Lottie ve ben şaşkın ifadelerle birbirimize bakarken Lottie kucağındaki çocuğu yavaşça yere indirdi.

"Ablacım, kardeşini de al, Louis abinizin odasında oyalanın biraz olur mu? Biz hemen geliriz yanınıza." Korkulu gözlerle bakan ikizler el ele tutuşarak benim odama gittiler.

"Lottie, uyuşturucu kullandığını biliyor muydun?" Kırgın sesime karşılık kafasını iki yana salladı. O da kabul etmekte zorlanıyor gibiydi.

"Hayır. Buradayken hiç kullanmamış olmalı. Gerçekten uzun zamandır o koltukta öylece yatıyor. Bir şey olmasından korkuyorum."

"Şey, konuşmanızı bölmek istemedim ama böyle kritik yapmaya devam mı edeceksiniz? Çözüm bulsanız iyi olur çünkü kardeşiniz cidden iyi durumda değil." Harry bizi gerçekliğe doğru çekince çözüm arar gibi birbirimize baktık.

"Kendimi kahraman gibi göstermek istemezdim ama sizin bir şey yapacağınız yok. Yanımda biraz kokain var, şimdilik verip bundan sonrası için rehabilitasyon düşünün derim." Her ne kadar kullanmasını istemiyor olsam da bu seferlik izin vermek zorundaydım. Annemden sonra kardeşimi kaybedecek olmak, bir daha uzun süre ölü gibi yaşamama neden olabilirdi. Ben onay verince Harry bir kitap alarak beyaz tozu çizgi halinde üstüne döktü. Nefesleri sıklaşan Fizzy zorlukla tozu burnundan çektiğinde derin bir nefes alarak yorgun bedenini tekrar kanepeye bıraktı. O uyuklamaya başlayınca biz de çözüm düşünmeye başlamıştık.
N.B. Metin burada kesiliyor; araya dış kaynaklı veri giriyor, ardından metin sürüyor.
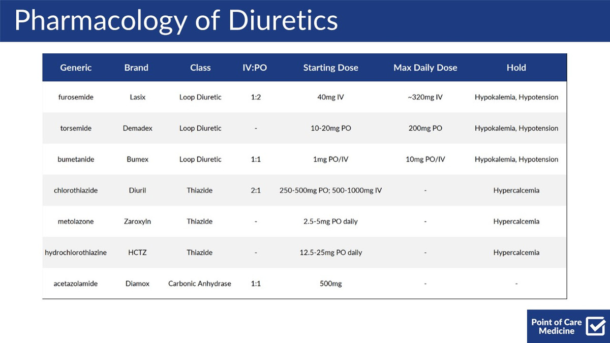 Troubleshooting Resistance - if 80-160mg IV lasix BID, consider: - Switching to drip (start 10mg/hr AFTER bolusing to keep above threshold) - Switching loops (40 PO lasix = 10-20 PO torsemide = 1 PO bumetanide) - Augmenting with thiazide (metolazone or chlorthalidone)
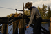 NPS employee pulling a rope tighter in Grand Teton National Park.
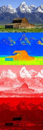 | Keywords: Barns grand tetons HSV separation.jpg This takes an image Image Barns grand tetons jpg and displays the H S and V elements of it Note that the H element is the only one displaying colour Compare the dark on the left side of the barn roof and the white of the snow; in both cases these have colour but the saturation is very low causing them to be near-greyscale; the intensity of the barn is much lower than the snow The green of the grass is highly saturated and of moderate intensity; the blue of the mountains is consistent in colour but varies in intensity and saturation; and the sky has constant colour and intensity but varying saturation Generator code In MATLAB <pre>RGBimage imread 'barns_grand_tetons_reduced jpg' ; height width depth size RGBimage ; HSVimage rgb2hsv RGBimage ; Caution MATLAB's hsv2rgb routine is very memory-hungry I had to halve the size of the source image to avoid running out or memory even with a lot of swap space allocated Newer versions of matlab need outputimage zeros height 4 width depth 'double' ; outputimage double zeros height 4 width depth ; for w 1 width for h 1 height outputimage h w 1 HSVimage h w 1 ; Copy H S and V for normal image outputimage h w 2 HSVimage h w 2 ; outputimage h w 3 HSVimage h w 3 ; outputimage h+height w 1 HSVimage h w 1 ; Copy H only for first component outputimage h+height w 2 1; outputimage h+height w 3 1; outputimage h+ 2 height w 2 HSVimage h w 2 ; S only for second component outputimage h+ 2 height w 1 1; outputimage h+ 2 height w 3 1; outputimage h+ 3 height w 3 HSVimage h w 3 ; V only for third component outputimage h+ 3 height w 1 1; outputimage h+ 3 height w 2 1; end end im2 hsv2rgb outputimage ; image im2 ; imwrite im2 'HSV_separation jpg' 'jpeg' ;</pre> Based on the public domain photo Image Barns grand tetons jpg Code above and resulting output by Mike1024 en wikipedia 2006-06-02 Mike1024 original upload log page en wikipedia Barns_grand_tetons_HSV_separation jpg 2006-06-02 17 47 Mike1024 800×2392×8 369530 bytes <nowiki> Summary This takes an image Image Barns grand tetons jpg and displays the H S and V elements of it Note that the H element is the only one displaying colour Compare the dark on the left side of the barn roof and</nowiki> HSV John Moulton barn |
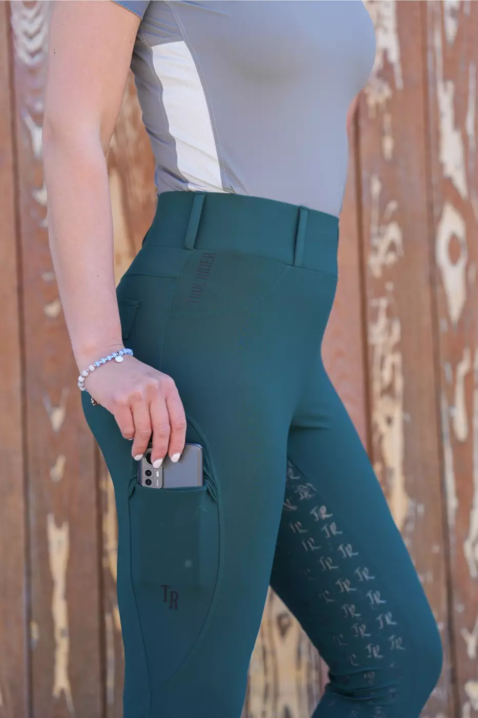 - NOWOŚĆ: praktyczna, zamykana od góry dodatkowym materiałem kieszeń na telefon z boku lewej nogi, która jest idealna na telefon, klucze i końskie smaczki
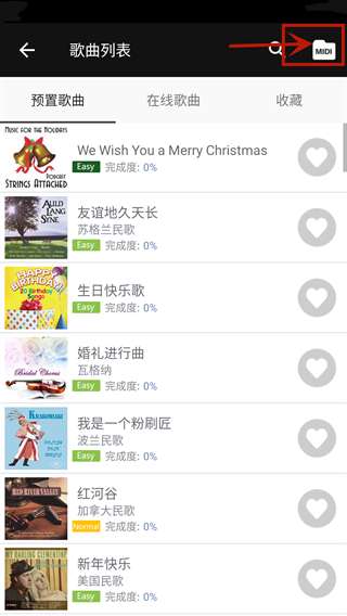 2、进入歌曲列表,点击右上角的“MIDI”。
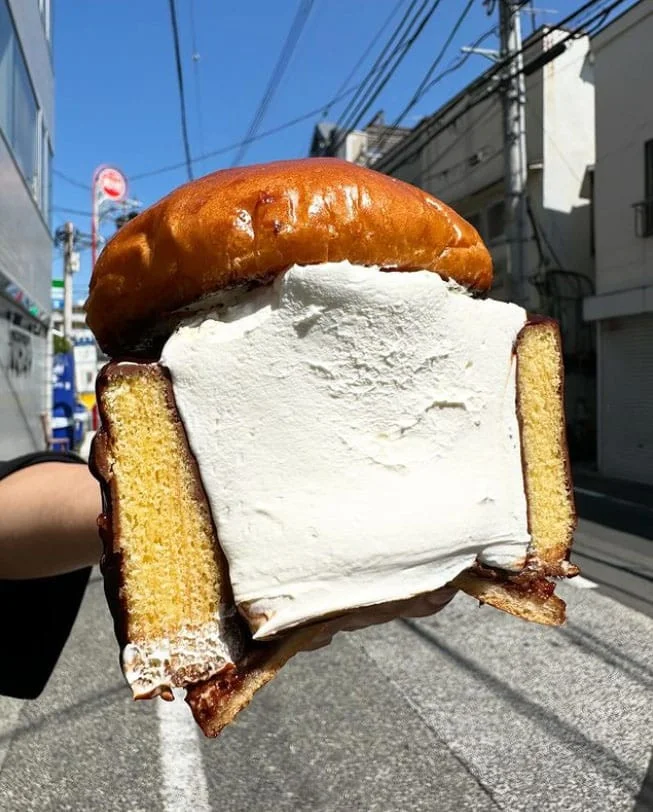 Сладкий бургер Баумкухен с шоколадом и взбитыми сливками
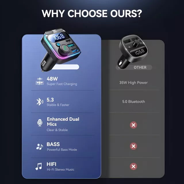 This transmitter is loaded with the latest Bluetooth 5.3 technology for faster, more stable connections. It supports both Bluetooth and U-disk playback, giving you two easy ways to stream your music. The vivid 7-color LED light bar adds a modern touch to your car interior, making it easy to operate even at night. And with the LED voltage display, you’ll always know your car battery’s status.
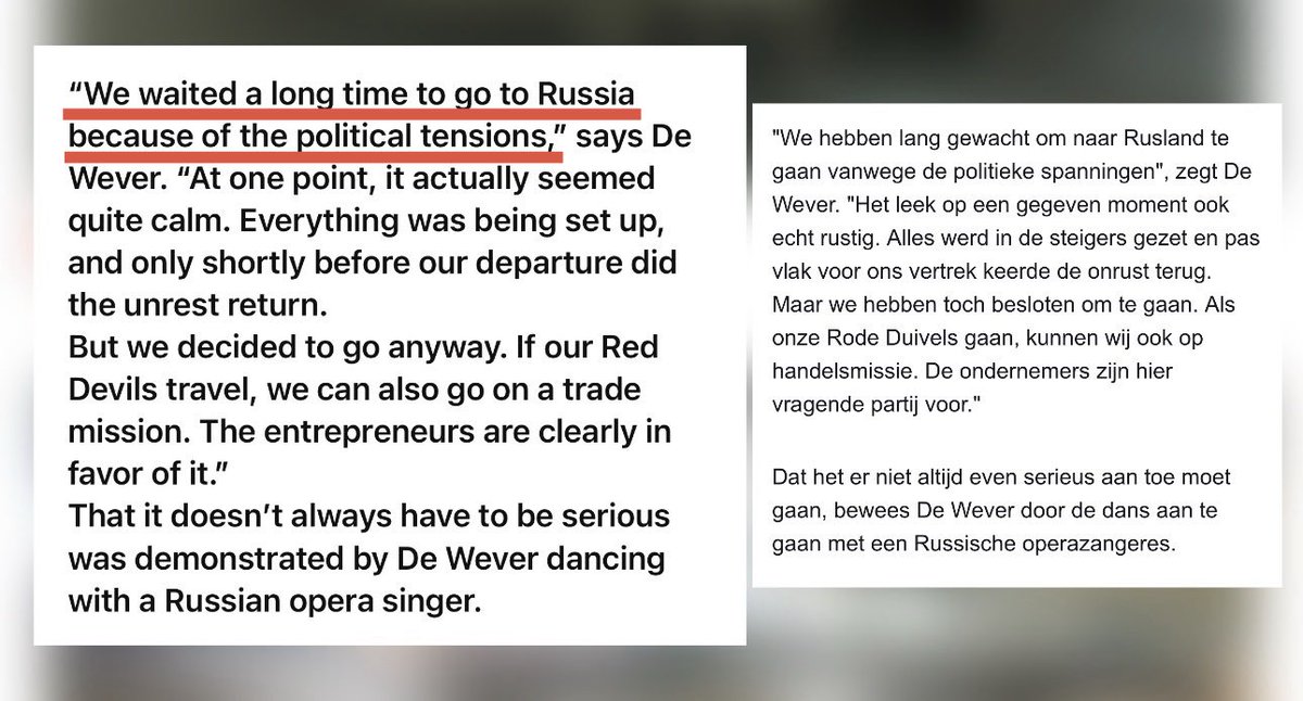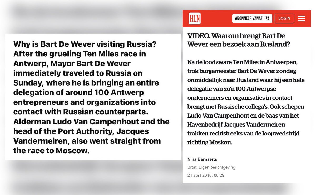 In April 2018, in the midst of increasing sanctions, Antwerp politician Bart De Wever visited Moscow. During this visit, De Wever and Mayor Sergey Sobyanin signed a comprehensive cooperation program. He also brought a large delegation of around 100 business representatives and organizations to deepen exchanges with their Russian counterparts.

Ama, minik toplantımız ikizlerin bağırarak salona girmesiyle başlamadan bitti.

"Abla, biz abimin odasında oyuncak bulduk." Lottie kaşlarını çatıp bana bakınca ben de anlamamış ifademi takınıp kızlara döndüm.

"Abiş özür dileriz çekmecelerini karıştırdık. Ama çok güzel oyuncaklar vardı, baaak."

Arkalarında sakladıkları büyük boy dildo, tüylü kelepçe, kayganlaştırıcı, kırbaç ve jartiyer parçalarını önümüze attıklarında Lottie gözlerini büyüttü, ben domates gibi kıpkırmızı oldum ve Harry...

Beş dakika önce hıçkırıkların yankılandığı küçük dairemizde, Harry'nin acımasız ve güçlü kahkahaları yer bulmuştu şimdi de.